Bergamottin (5-geranoxypsoralen) is a natural furanocoumarin found in the pulp of pomelos and grapefruits. It is also found in the peel and pulp of the bergamot orange, from which it was first isolated and from which its name is derived.

==Chemistry==
Bergamottin and dihydroxybergamottin are linear furanocoumarins functionalized with side chains derived from geraniol. They are inhibitors of some isoforms of the cytochrome P450 enzyme, in particular CYP3A4. This prevents oxidative metabolism of certain drugs by the enzyme, resulting in an elevated concentration of drug in the bloodstream.

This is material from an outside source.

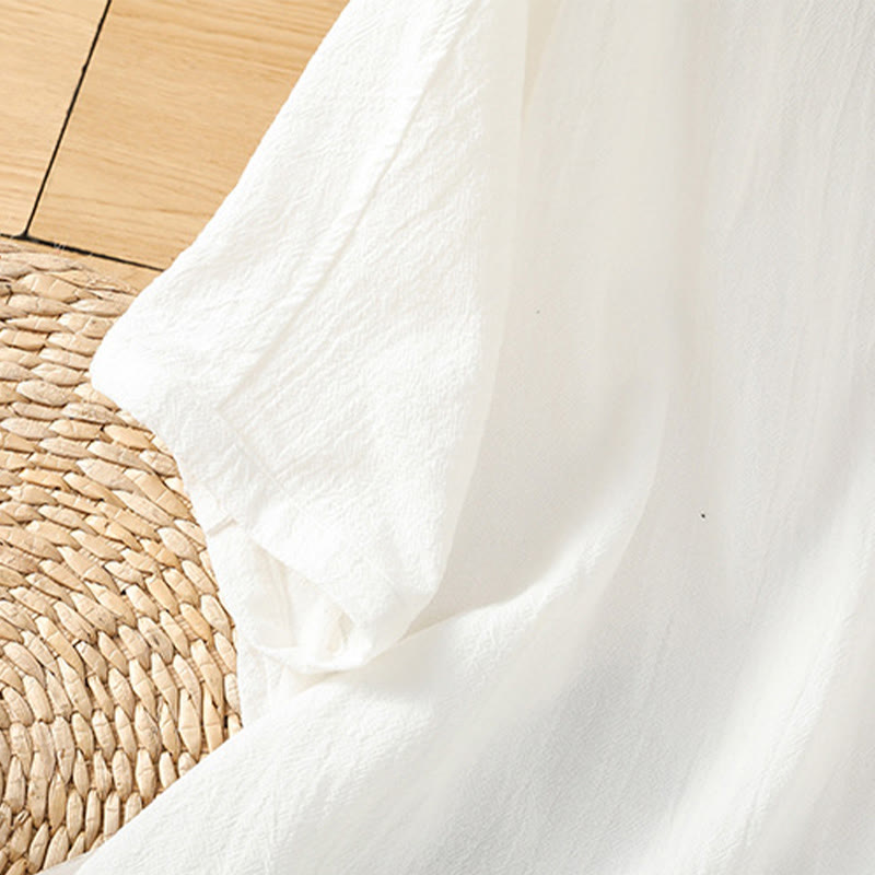 Buddha Stones Casual Plain Buttons Half Sleeve Women’s Cotton Linen Shirt With Pocket

Under normal circumstances, the grapefruit juice effect is considered to be a negative interaction, and patients are often warned not to consume grapefruit or its juice when taking medication. However, some current research is focused on the potential benefits of cytochrome P450 inhibition. Bergamottin, dihydroxybergamottin, or synthetic analogs may be developed as drugs that are targeted to increase the oral bioavailability of other drugs. Drugs that may have limited use because they are metabolized by CYP3A4 may become viable medications when taken with a CYP3A4 inhibitor because the dose required to achieve a necessary concentration in the blood would be lowered.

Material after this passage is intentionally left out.